Policies related to childcare and traditional school reopening have not been well integrated33. In Ontario, childcare classrooms were capped at a maximum of 10 occupants, overall (hence the 8:2 and 7:3 ratios in the present study)11. Conversely, procedures for traditional “school” classrooms have been given the go-ahead for 15 children (hence the 15:2 ratio). While allowable class sizes will differ somewhat as a function of child age and school location, it seems likely that early childhood and elementary school classes may actually surpass these numbers in Ontario. Our findings demonstrate that the 15:2 ratio represents a significantly higher risk, not only for SARS-CoV-2 spread, but for school closures. In one scenario (15:2 random assignment), the modeled outbreak lasted for 105 days. Given that childcare and schools are often operating within the same physical location, this policy discrepancy is questionable. Based on our simulations, a lower ratio (7:3) is indicated. Moreover, it appears that this configuration could be enhanced through the utilization of sibling groupings.

An examination of student-days missed due to classroom closure further elucidates the favourability of smaller class size and sibling grouping as a preventative measure; again, this was observed in both high transmission and low transmission environments. In the most unfavorable scenario (15:2 RA), there were cumulatively 539 and 324 student-days missed in high versus low transmission settings, respectively. Conversely, in the best scenario (7:3, siblings together), there were only 62 and 51 student-days missed. Thus, our simulations suggest that the lower ratios and sibling groupings offer a safeguard against high disruptive classroom closures34,35. Given this, a proactive and preventative approach that builds in realistic levels of reduced class time would be better than a reactive strategy that yields unpredictable closure events due to outbreaks.

Several policy and procedural recommendations have emerged from this modeling exercise. First, it is recommended that childcare and school settings, alike, consider lowering student-to-educator ratios. Commensurate with the present findings, a 7:3 ratio (10 individuals per class including both children and adults) outperforms a 15:2 ratio on key metrics. Second, there also appears to be benefit associated with sibling groupings. Thus, a siblings together configuration should be considered. Third, the majority of transmission occurred in the classroom. As such, it is important for reopening plans to consider social distancing and hygiene procedures within classrooms - a recommendation that may only be feasible with fewer children in the classroom. It is unlikely that classrooms with 15 or more children will afford children with the necessary space to socially distance. Finally, in the primary school settings, significant benefits accrue for 15(A):1 relative to the 30:1 student-educator ratio, and thus decision-makers should reconsider the conventional model of putting 30 students in classrooms every day in favour of cohorts of 15 students alternating weekly. Implementing half-days in schools could also be considered.

These results are also relevant for authorities facing the possibility of re-closing schools in light of an impending resurgence of COVID-19 due to a second or third pandemic wave. For instance, a combination of tamping down community transmission, in combination with restructuring schools according to some of these strategies (such as implementing half days or alternating cohorts) could enable schools to remain partially open during the resurgence, instead of needing to close them altogether36.

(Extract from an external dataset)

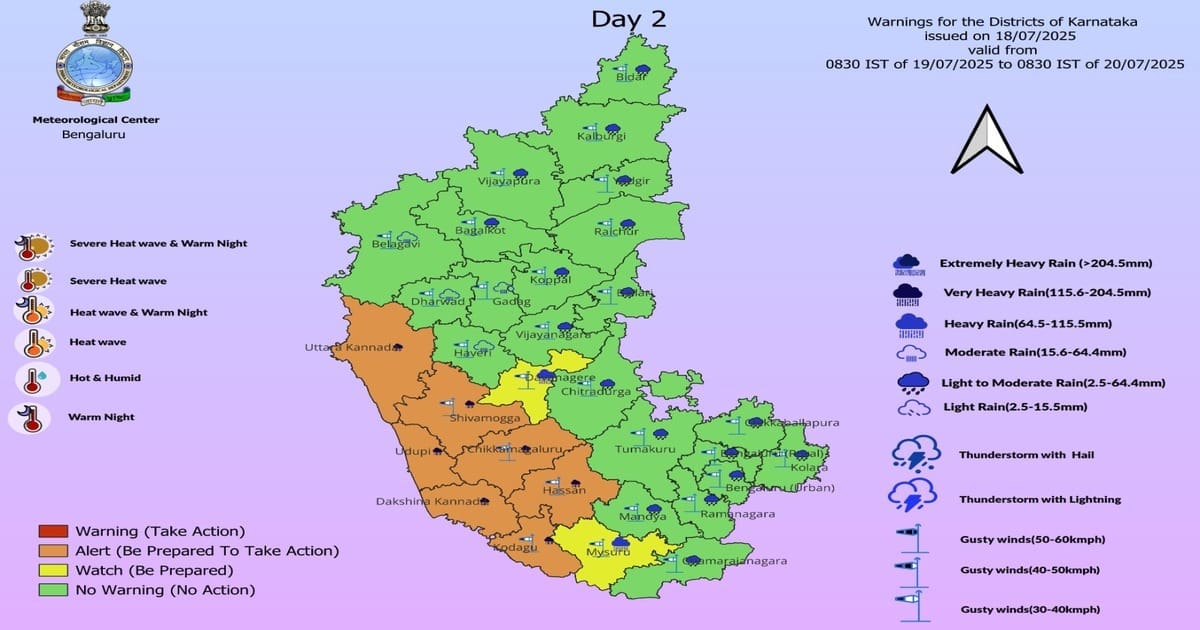 ಒಳನಾಡು : ಉತ್ತರ ಒಳನಾಡಿನ ಬೆಳಗಾವಿಯ ಒಂದೆರಡು ಕಡೆ, ಧಾರವಾಡ, ಹಾವೇರಿ, ಗದಗ, ಬಾಗಲಕೋಟೆಯ ಒಂದೆರಡು ಕಡೆ, ದಾವಣಗೆರೆ, ಬಳ್ಳಾರಿ, ರಾಯಚೂರು, ಯಾದಗಿರಿ, ಕಲಬುರ್ಗಿ, ಬೀದರ್ ಜಿಲ್ಲೆಗಳ ಅಲ್ಲಲ್ಲಿ ಸಾಮಾನ್ಯ ಮಳೆಯ ಮುನ್ಸೂಚನೆ ಇದೆ. ದಕ್ಷಿಣ ಒಳನಾಡಿನ ಬಹುತೇಕ ಭಾಗಗಳಲ್ಲಿ ಉತ್ತಮ ಮಳೆಯ ಮುನ್ಸೂಚೆನೆ ಇದೆ. ಈಗಿನಂತೆ ಜುಲೈ 26ರ ತನಕವೂ ರಾಜ್ಯದ ಉತ್ತರ ಹಾಗೂ ದಕ್ಷಿಣ ಒಳನಾಡಿನ ಬಹುತೇಕ ಭಾಗಗಳಲ್ಲಿ ಮಳೆಯ ಮುನ್ಸೂಚನೆ ಇದೆ.

The impact of school closure on the transmission of COVID-19 is a widely studied topic37. However, multiple sources of bias must be considered, for instance on account of higher rates of asymptomatic transmission in children38. Due to asymptomatic transmission, outbreaks in schools may be harder to identify, and public health may classify adults in associated households as the index case of an outbreak, instead of asymptomatic children who brought the infection into the home. A systematic review of studies of the impact of school closure on COVID-19 transmission found that most studies identify an effect of closures, although a smaller number of studies less subject to biases find no effect39. Empirical validation of our model would entail analysis of outbreak sizes as they depend upon classroom size. This would require both accurate data on school outbreak sizes as well as knowing the class sizes in the affected school districts. This could be studied in future research.

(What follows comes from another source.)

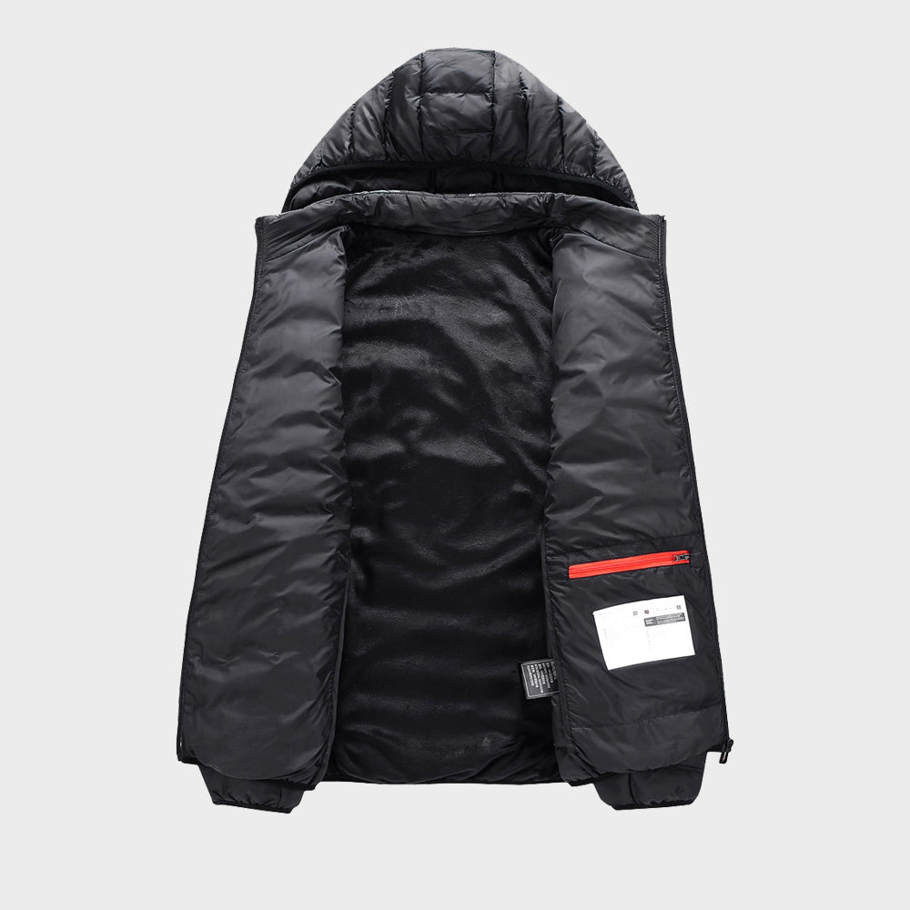 Note that the feeling of warmth is gentle and evenly distributed. No unpleasant hot spots are felt when wearing the jacket.

Finally, the present study has a number of limitations that should be considered. While it is becoming increasingly clear that COVID-19 risk varies as a function of social determinants of health (e.g., socioeconomic status, race, ethnicity, immigration status, neighborhood risk), along with opportunities for social distancing40, the present study did not take these considerations into account. This present study also didn’t directly consider any difference in compliance between children of difference ages, though our consideration of low and high transmission scenarios represent differing levels of compliance with health regulations in both childcare centre and primary school contexts. Future simulation studies might consider how these social determinants intersect with childcare and school configurations. Also, the measures presented - decreasing class sizes, dividing large classes into smaller cohort alternating between in-class and online instruction, and limiting schooling to half-days - could be subjected to a cost-benefit analysis, where their effects on disease spread are weighed against any requisite impacts on learning, healthcare expenditure and the emotional well-being of students, teachers and parents. Additionally, we have not considered the effects of COVID-19 testing, since asymptomatic individuals are not prioritised in testing programmes, and many current health and safety policies simply ask whether the individual is experiencing any symptoms of COVID-19, upon which they are told to self-isolate. In the present model, classrooms are closed upon detection of a symptomatic case. This is representative of current reopening plans, so the effects of random COVID-19 testing of asymptomatic individuals was not treated here. Finally this study was primarily concerned with SARS-CoV-2 infection and student-days lost. That being said, there are many important outcomes to consider in relation to children’s developmental health in the pandemic. Longitudinal studies considering children’s learning and mental health outcomes in relation to new childcare and school configurations are strongly indicated41.

Materials and methods

Population structure

There are N households in the population, and a single educational institution (either a school or a school, dependent on scenarios to be introduced later) with M rooms and a maximum capacity dependent on the scenario being tested. Effective contacts between individuals occur within each household, as well as rooms and common areas (entrances, bathrooms, hallways, etc.) of the institution. All groups of individuals (households and rooms) in the model are assumed to be well-mixed.

Each individual (agent) in the model is assigned an age, household, room in the childcare facility and an epidemiological status. Age is categorical, so that every individual is either considered a child (C) or an adult (A). Epidemiological status is divided into stages in the progression of the disease; agents can either be susceptible (S), exposed to the disease (E), presymptomatic (an initial asymptomatic infections period P), symptomatically infected (I), asymptomatically infected (A) or removed/recovered (R), as shown in Fig. 1b.

In the model, some children in the population are enrolled as students in the institution and assigned a classroom based on assumed scenarios of classroom occupancy while some adults are assigned educator/caretaker roles in these classroom (again dependent on the occupancy scenario being tested). Assignments are made such that there is only one educator per household and that children do not attend the same institution as a educator in the household (if there is one), and vice versa.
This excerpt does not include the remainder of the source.